Evolutionary Computation

EVOLUTIONARY COMPUTATION

By Jay Jaganaath

It is a known fact that Man always tries to seek out natural phenomena and replicate it to its own benefit. A few notable examples include birds taken as inspiration when designing airplanes, burrs being taken as inspiration for velcro and so on. These replications, known as biomimicry, are used universally to engineer new innovations and solve real world problems.

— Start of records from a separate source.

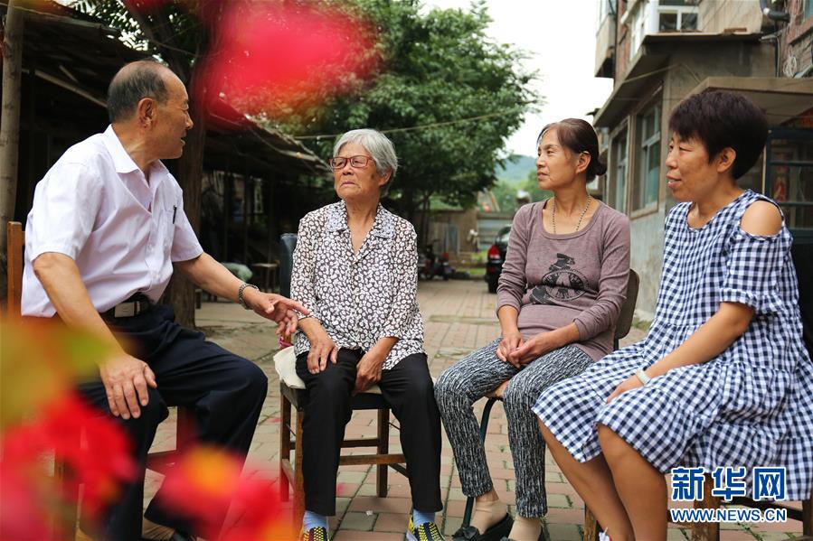 8月22日,娄树存(左一)为几名居民调解因电动车骑行造成老人跌倒引发的纠纷。 新华社发(刘环宇 摄)
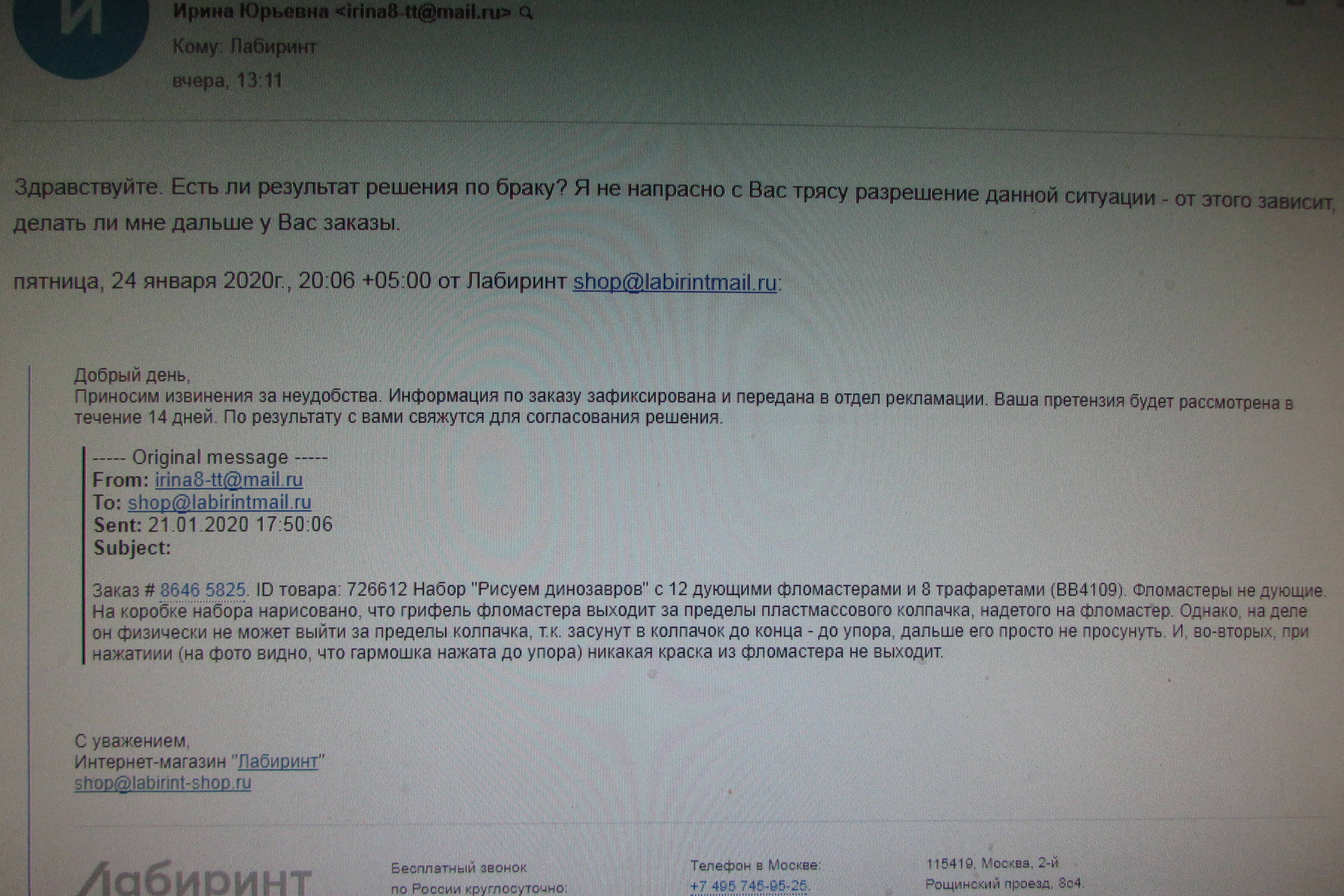Сколько же жалоб и претензий на магазин "Лабиринт" я увидела на просторах интернета! И с ними полностью согласна. У меня сложилось мнение, что набрали некомпетентных людей , не выполняющих своих обещаний. Одно враньё!
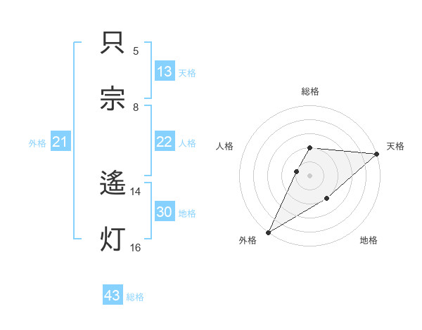 只宗 遙灯さんを姓名の画数から五運を鑑定
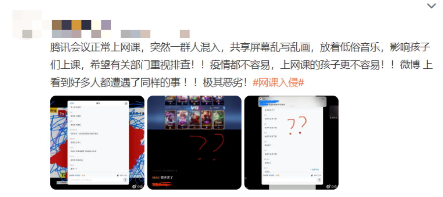 至于網(wǎng)課信息的泄露,一種可能,學(xué)生將自己的網(wǎng)課會議號或者密碼不經(jīng)意間,發(fā)布在社交平臺上,甚至有個別學(xué)里應(yīng)外合,故意“泄密”;另一種情形,有人組建QQ群,有組織地入侵網(wǎng)課課堂,擾亂課堂秩序,還在QQ群內(nèi)分享入侵的狀況。在群聊中,有網(wǎng)友表示未成年,稱自己輟學(xué)或者暫時無課,試圖搞惡作劇,并且無視自己的行為對其他學(xué)生造成了不良影響。
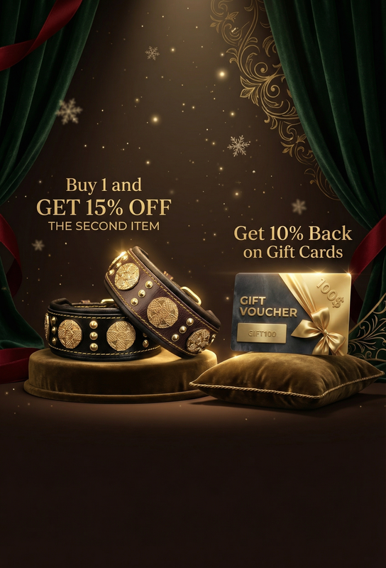 Absolutely a stunning collar. Was looking for the perfect collar for our sweet boy for his first Christmas with us and being able to custom make one was perfect. The quality was on point, have never been disappointed with Bestia in the past. Can't wait for Christmas so he can finally wear this beautiful collar.
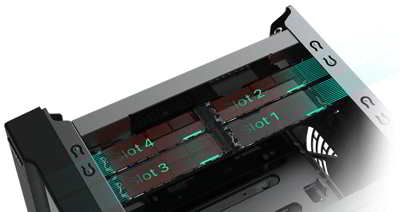 - Dual 5GbE Network Ports: SMB Multi-Channel sequential read/write performance of up to 1,146 MB/s/536 MB/s in RAID-5
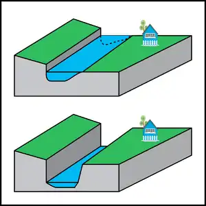In geomorphology, the term incised refers to when a river has cut downward through its riverbed. The river may have been incising through sediment or bedrock. The river begins at one elevation and incises downward through its bed while leaving its floodplain behind (higher). Although, it is possible for the floodplain to be lowered at the same time. Examples include Mobile Bay along the Gulf of Mexico.
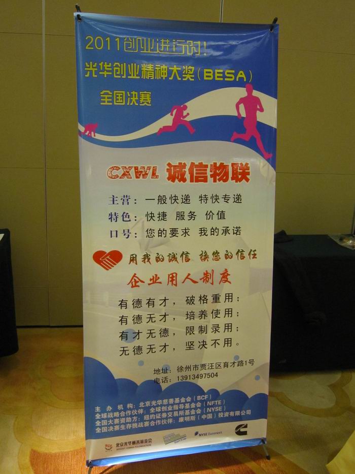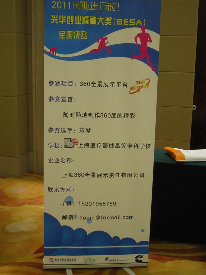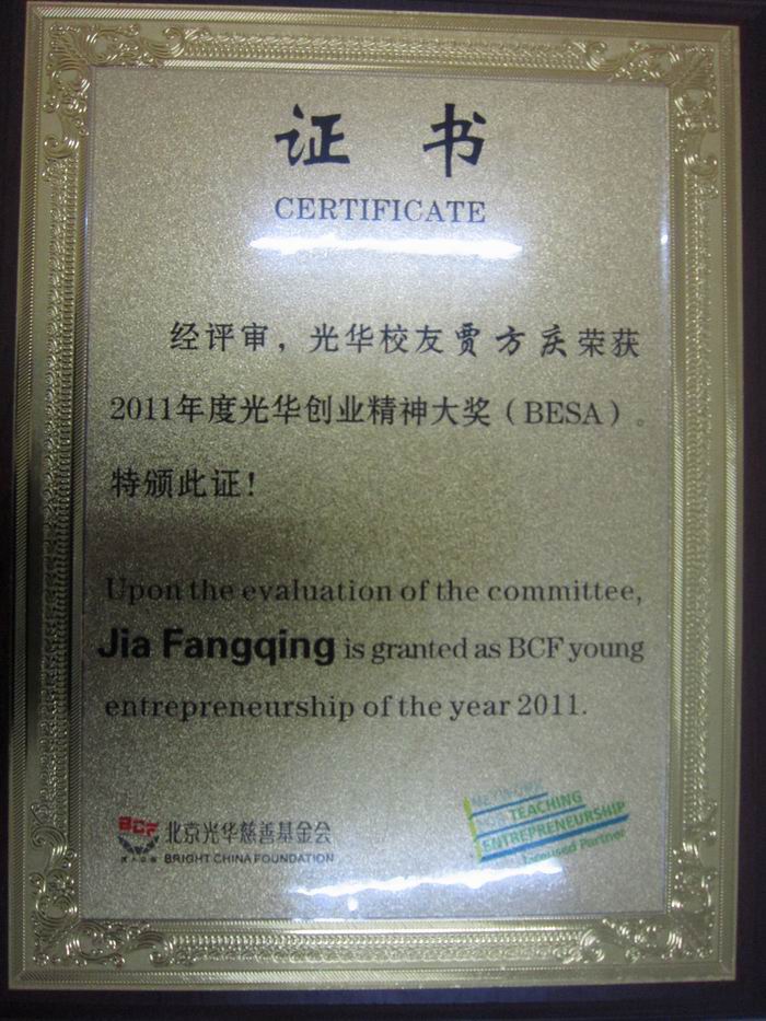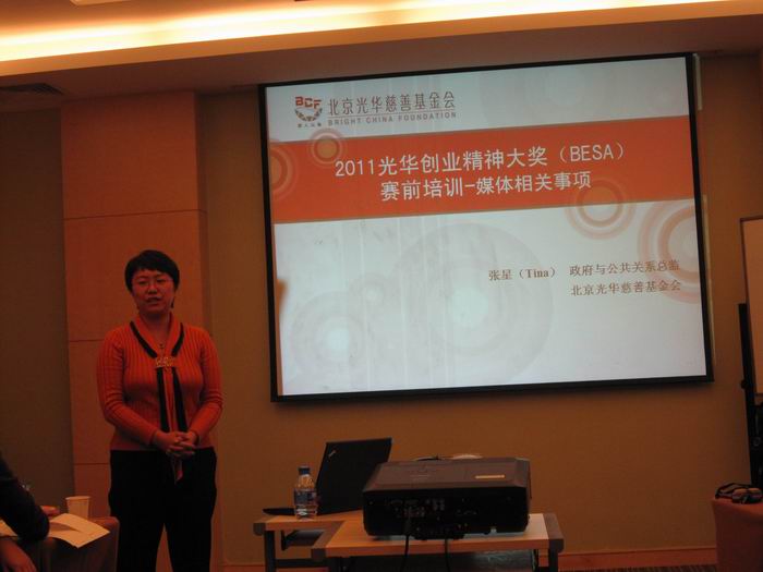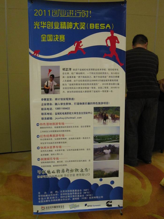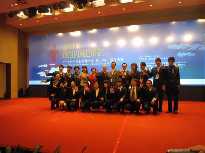 2011年度全国光华创业精神大奖(BESA)全国决赛由北京光华慈善基金会主办、各地教育系统合办,战略合作伙伴为全球创业指导基金会和康明斯(中国)投资有限公司,资助方为纽约证券交易所,参赛选手均为全国各地接受光华创业教育的校友。与以往不同的是,今年的赛事要求选手的商业项目至少经营6个月以上。
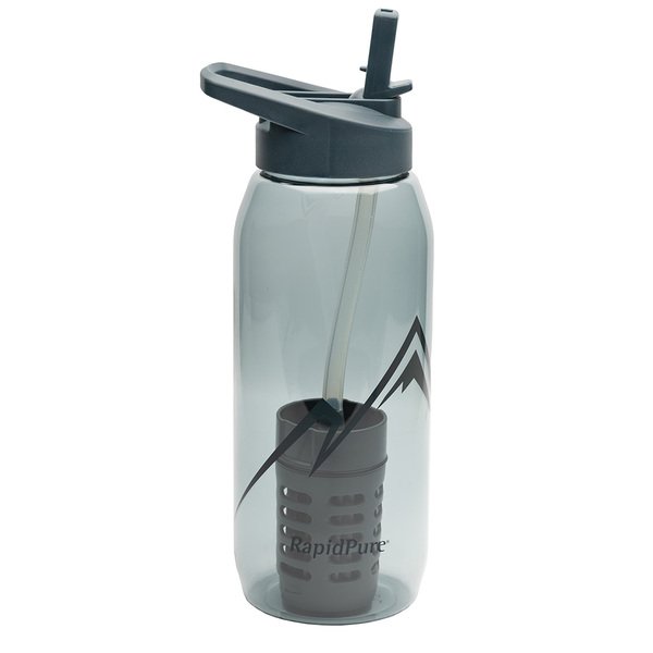 RapidPure® Purifier & BottlePerfect for weekend hikes, global adventures, or everyday use, the RapidPure® Purifier + Bottle gives you the power to filter and purify water as you drink with no pressing, squeezing, priming, or back-flushing required.Adventure Medical simplified water purification with the POD system and UltraCeram® purification technology. The POD purification system has an extended lifespan – up to 75 gallons – and continues to work after being frozen for peace of mind if the temperatures suddenly drop. Unlike microfilters that rely on small pore sizes to filter out bacteria and sediment, RapidPure® purifiers combine OpenPore technology for fast flow rates with adsorption (natural magnetic attraction) to remove viruses, bacteria, parasites, sediment, and more.Simply fill and drink from the 32oz proprietary Triton bottle for purified water without any special handling needed.Features:Easy to Use - Simply fill and drink for purified water – no waiting, pressing, squeezing, priming, or back-flushing requiredVirus Protection - Treats water for viruses, bacteria, parasites, and more with UltraCeram® technologyFaster Flow Rates - OpenPore technology uses adsorption (natural magnetic attraction) combined with larger pore sizes for easy drinkingUse Anywhere - A purifier can be used after being frozen. The POD system has extended cartridge lifespan to 75 gallonsModern Bottle Design - The proprietary Triton bottle with a modern lid and bold graphics for a fresh lookGreat Tasting Water - Activated carbons instantly remove odors and improve tasteIn the Box:32oz Triton water bottle with straw/lidRapidPure® POD CartridgeInstruction manual*Sold as an Individual
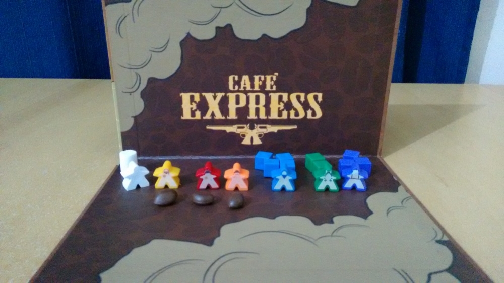 Meeples e marcadores do jogo Café Express
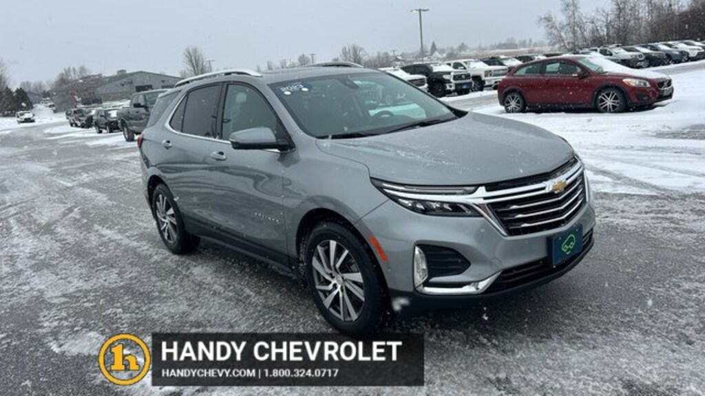 Recent Arrival!Here at HANDY CHEVROLET, it is our mission to be the automotive home of drivers in the Saint Albans, Burlington, and Franklin County area. We have been a family owned and operated dealership for 50+ years serving our community. We provide a vast selection of new and used vehicles, exceptional car care and customer service with a smile!Our staff at Handy Chevrolet of St. Albans, VT makes every effort to keep all information accurate and up to date. Contact a product specialist on our Sales team to inquire about availability. Contact us as soon as possible at 802 524 9737 to schedule the test drive of your next new or pre-owned vehicle!KEY POLICY: HANDY CHEVY PRE-OWNED VEHICLES COME STANDARD WITH ONE KEY. IF WE RECEIVED MORE THAN ONE KEY FROM THE PREVIOUS OWNER, WE INCLUDE THEM.Odometer is 5553 miles below market average!Clean CARFAX. CARFAX One-Owner.AWD.Certified. Sterling Gray Metallic 2023 Chevrolet Equinox Premier 4D Sport Utility AWD 6-Speed Automatic Electronic with Overdrive 1.5L DOHC 24/30 City/Highway MPGChevrolet Certified Pre-Owned Details:* Powertrain Limited Warranty: 72 Month/100,000 Mile (whichever comes first) from original in-service date* 172 Point Inspection* Vehicle History* 24 months/24,000 miles (whichever comes first) Certified Pre-Owned Scheduled Maintenance Plan and 3 days/150 miles (whichever comes first) Vehicle Exchange Program. SiriusXM 3-month trial subscription.* Warranty Deductible: $0* Transferable Warranty* Limited Warranty: 12 Month/12,000 Mile (whichever comes first) from certified purchase date* Roadside AssistanceHandy Chevrolet is proud to present you with another True Market Priced Pre-Owned Vehicle. Transparent Pricing Of $ 25909 !! This 2023 Chevrolet Equinox Premier Chevrolet Certified Pre-Owned is loaded with the following Factory Options: AWD Confidence & Convenience II Package, Driver Confidence III Package (Adaptive Cruise Control, Automatic Front & Rear Parking Assist, and HD Surround Vision), Driver Convenience II Package (Front Passenger 8-Way Power Seat Adjuster, Heated Rear Outboard Seating Positions, Ventilated Driver Seat, and Ventilated Front Passenger Seat), Infotainment II Package (2 Rear USB Charging-Only Ports, Bluetooth® For Phone, Bose Premium 7-Speaker Audio System Feature, Radio: Chevrolet Infotainment 3 Plus System w/Navi, and SiriusXM Radio), Preferred Equipment Group 1LZ, Chevrolet Certified Pre-Owned Certified, AWD, 18 Aluminum Wheels, 2-Way Power Driver Lumbar Control Seat Adjuster, 3.87 Final Drive Axle Ratio, 4-Wheel Disc Brakes, 6 Speakers, 6-Speaker Audio System Feature, ABS brakes, Air Conditioning, Alloy wheels, AM/FM radio: SiriusXM, Auto High-beam Headlights, Auto-dimming door mirrors, Auto-dimming Rear-View mirror, Automatic temperature control, Brake assist, Bumpers: body-color, Compass, Custom Molded Front & Rear Splash Guards (LPO), Delay-off headlights, Driver 8-Way Power Seat Adjuster, Driver door bin, Driver vanity mirror, Dual front impact airbags, Dual front side impact airbags, Electronic Stability Control, Emergency communication system: OnStar and Chevrolet connected services capable, Four wheel independent suspension, Front anti-roll bar, Front Bucket Seats, Front Center Armrest, Front dual zone A/C, Front fog lights, Front Passenger 4-Way Manual Seat Adjuster, Front reading lights, Fully automatic headlights, Garage door transmitter, Heated door mirrors, Heated Driver & Front Passenger Seats, Heated front seats, Heated steering wheel, Illuminated entry, Low tire pressure warning, Memory seat, Occupant sensing airbag, Outside temperature display, Overhead airbag, Overhead console, Panic alarm, Passenger door bin, Passenger vanity mirror, Perforated Leather-Appointed Seat Trim, Power door mirrors, Power driver seat, Power Liftgate, Power steering, Power Sunroof, Power windows, Premium audio system: Chevrole
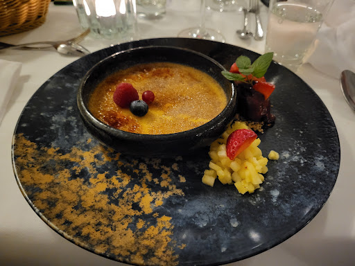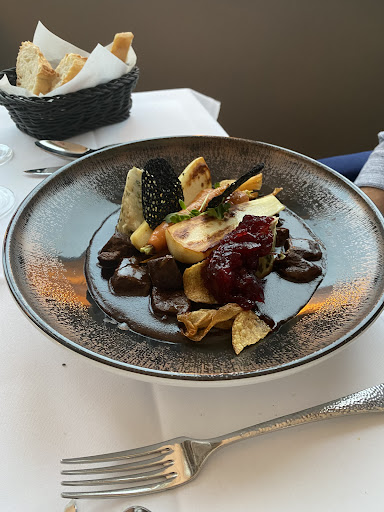 Read moreDie ersten 2 Tage mit sehr wenigen Gästen waren sehr angenehm und gut. Die Küche bemerkenswert und nur deshalb hatte wir überhaupt hier gebucht.||Leider ging am dritten Tag mit gefühlt 50 statt 20 Gästen gar nichts mehr. Tische waren deutlich sporadischer eingedeckt, Brotteller war da, Messer fehlte. Wurde später auch nicht gebraucht, da kein Brot serviert wurde. Dafür lagen bis zum Schluss der Suppenlöffel im Weg, obwohl wir nur eine Suppe hatten.||Auf die Speisekarte haben wir 32 Minuten gewartet. Getränke erreichten uns nach 45 Minuten. Wir sitzen jetzt seit einer Stunde ohne alles, sogar ohne Brotkorb. Nach 90 Minuten hatten wir die Vorspeisen. Leider war die Suppe kalt (kam jetzt nicht unerwartet) und meine Vorspeise nur noch halb so groß wie die letzten Tage, aber selbstverständlich zum vollen Preis.||Hauptgang nach 120 Minuten: Salsa Verde wurde mal kurzerhand durch Cocktail-Tomaten ersetzt (ich mag keine Tomaten und schon gar nicht ungefragt !!!!) und beim anderen Hauptgang fehlte die Gemüsebeilage (Rosenkohl) komplett. Dafür war der Feldhase kalt und roh, also wirklich roh, nur scharf angebraten. Das nach der Vorspeise abgeräumte Besteck hat es immerhin in weniger als 3 Minuten nach dem Anmahnen zu uns geschafft.||Null Verständnis dafür, dass die Kollegen sich am ersten Tag nach der Flaute "einlaufen" müssten, nicht bei 40€ für eine Hauptspeise und je die Hälfte für Vorspeise und Dessert.||Wer sich bei den Damen an der Rezeption beschwert lernt etwas dazu! "Bitte Beschwerden direkt an das Personal!"

Such biomimicry has been applied to the world of computing in an unconventional way. This biomimicry is known as a field known as evolutionary computation. In a broad definition, evolutionary computation is a family of algorithms for global optimisation inspired by biological evolution.To understand what evolutionary computing really means, it is first important to know what ‘optimisation’ really means. 
 
Optimisation, in the most general sense, is the selection of a best element (with regard to some criterion) from some set of available alternatives. In the most basic sense, Optimisation can include finding the maximum or minimum value of a function out of a set of points in the range of the function.
In evolutionary computing, a given set of option is continuosly updated until the optimal solution is found. This is derived from the Darwinian principle of ‘Survival of the Fittest’, which states that out of a population of organisms, only the ‘fittest’ can effectively survive and pass their genes on to the next generation.
In computing, such factors like ‘fitness’ are represented by a numerical value given to every option in the data set. In the ‘evolution’ of this data set, elements having the lowest ‘fitness’ in the set have a lower probability to ‘survive’ while the ‘surviving’ elements have a higher chance. During this process, random changes can be given to the properties of few ‘surviving’ options in the set in accordance to the ‘mutation’. Factors like ‘fitness’ and ‘mutation’ both correspond to specific functions that drive the data set towards an optimal solution through such algorithms.
An example of this algorithm in action would be a program which attempts to find a option in a given data set of words, which is identical to the word ‘UNICORN’. In order to achieve this, the program’s algorithm would assign a ‘fitness’ value to each word according to how many letters the word shares with the desired option. For example, if there was an option named ‘POPCORN’, the fitness factor of this option would be 4, as it has 4 letters in common with ‘UNICORN’. The ‘mutation’ function of the algorithm would switch each letter of the randomly chosen option with the next letter in the alphabet after each ‘generation’. For example, if ‘POPCORN’ were to be randomly chosen, the ‘mutation’ function would alter it to be ‘QPQDPSO’.
Evolutionary computing has proven to be invaluable when solving for different optimisation problems, as a program utilising such concepts can effectively find solutions faster and more efficiently than software designed by humans. It has many applications especially in the world of social media marketing. For example, the advertisements that appear on Social Media platforms are customised for each user in that an evolutionary algorithm is used to process the browsing history of the user to find out what kinds of advertisements would be most effective on the user.
In conclusion, Evolutionary computing, one of the few applications of natural systems in Computer Science, is an integral part of the world’s daily functioning.